Xanthophyllum pedicellatum

Scientific classification
- Kingdom: Plantae
- Clade: Tracheophytes
- Clade: Angiosperms
- Clade: Eudicots
- Clade: Rosids
- Order: Fabales
- Family: Polygalaceae
- Genus: Xanthophyllum
- Species: X. pedicellatum
- Binomial name: Xanthophyllum pedicellatum Meijden

= Xanthophyllum pedicellatum =

- Genus: Xanthophyllum
- Species: pedicellatum
- Authority: Meijden

Species of flowering plant

Xanthophyllum pedicellatum is a plant in the family Polygalaceae.
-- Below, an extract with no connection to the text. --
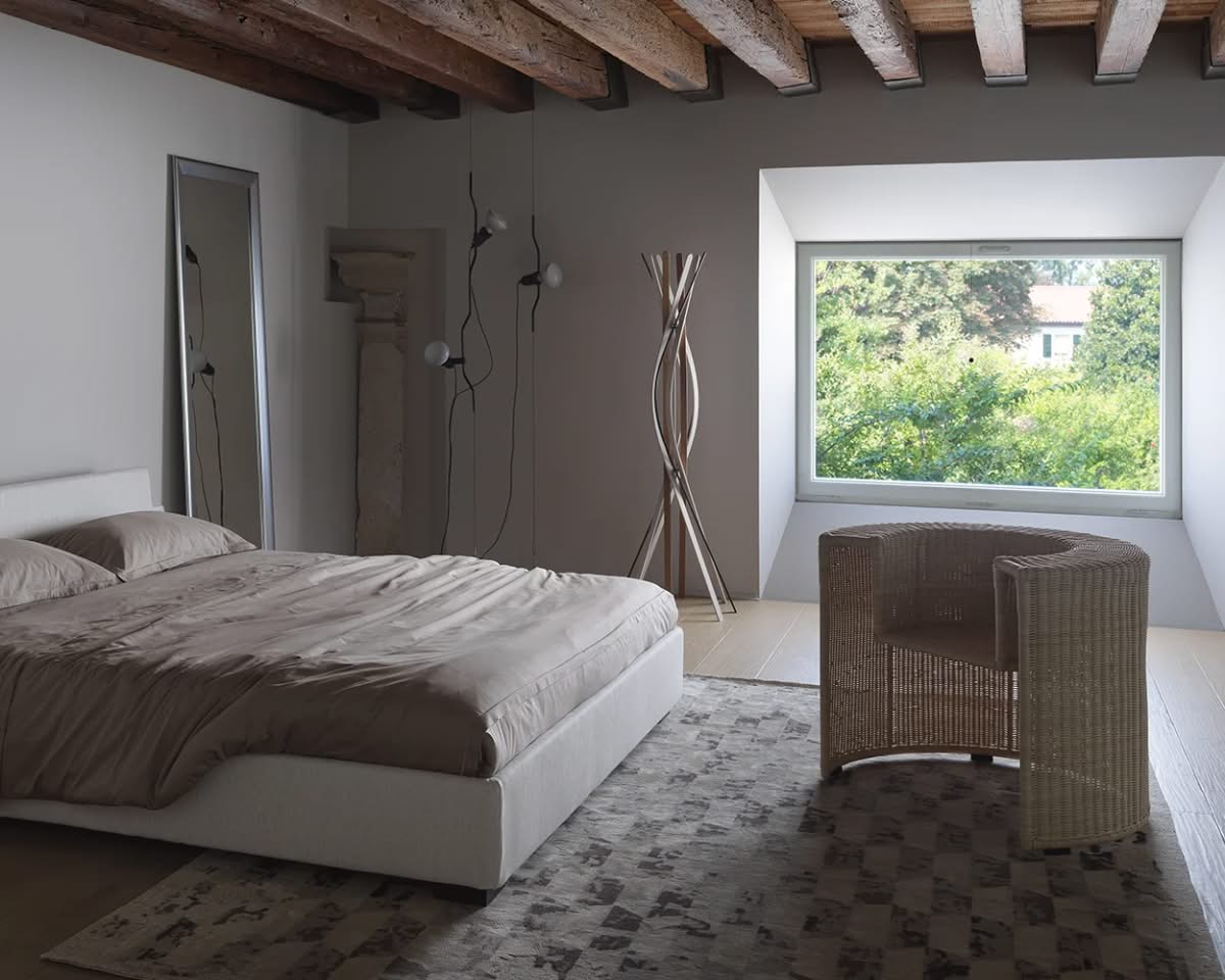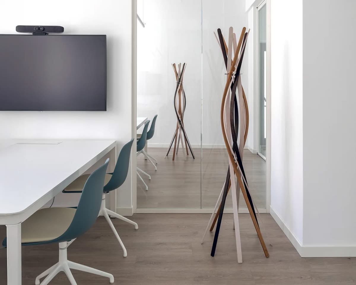 Twist Appendiabiti di Horm è l'appendiabiti di design composto da elementi in legno massello di faggio curvati e tinti all’acqua. Horm va a tempo di twist con l’appendiabiti creato da Burtscher & Bertolini. Gli otto listelli che lo compongono si piegano e si torcono come se stessero ballando. La loro tensione elastica è fondamentale per conferire all’appendiabiti eccellenti qualità sia in termini di forma che di stabilità. Twist risponde a un’osservazione: l’appendiabiti solitamente sparisce quando ci si appendono i capi. Twist non viene nascosto. Viene invece messo in evidenza perché l’unica parte ad essere coperta è quella centrale. Gli indumenti si possono appendere ai ganci infilati nei listelli permettendo alla parte superiore di Twist, uno splendido “fiore di legno”, di emergere in tutta la sua eleganza. Twist è un appendiabiti scultoreo che unisce dinamismo formale e funzionalità. Gli otto listelli in legno curvato che lo compongono si piegano e si torcono come in una danza, generando un movimento armonico che cattura lo sguardo. La tensione elastica del legno è l’elemento strutturale che dona a Twist stabilità e leggerezza visiva al tempo stesso. A differenza dei tradizionali appendiabiti, che vengono celati dai capi, Twist rimane sempre protagonista: gli indumenti si appendono ai ganci nascosti tra i listelli, lasciando visibile la parte superiore, un raffinato “fiore di legno” che diventa elemento decorativo dello spazio.

The specific epithet pedicellatum is from the Latin, referring to the long pedicel (flower stem).

==Description==
Xanthophyllum pedicellatum grows as a shrub or tree up to 20 m tall with a trunk diameter of up to 20 cm. The smooth bark is greyish or greenish. The flowers are pinkish, drying orange-red. The pale brownish fruits are round and measure up to 2 cm in diameter.

==Distribution and habitat==
Xanthophyllum pedicellatum is endemic to Borneo. Its habitat is lowland forest and swampy terrain from sea-level to 500 m altitude.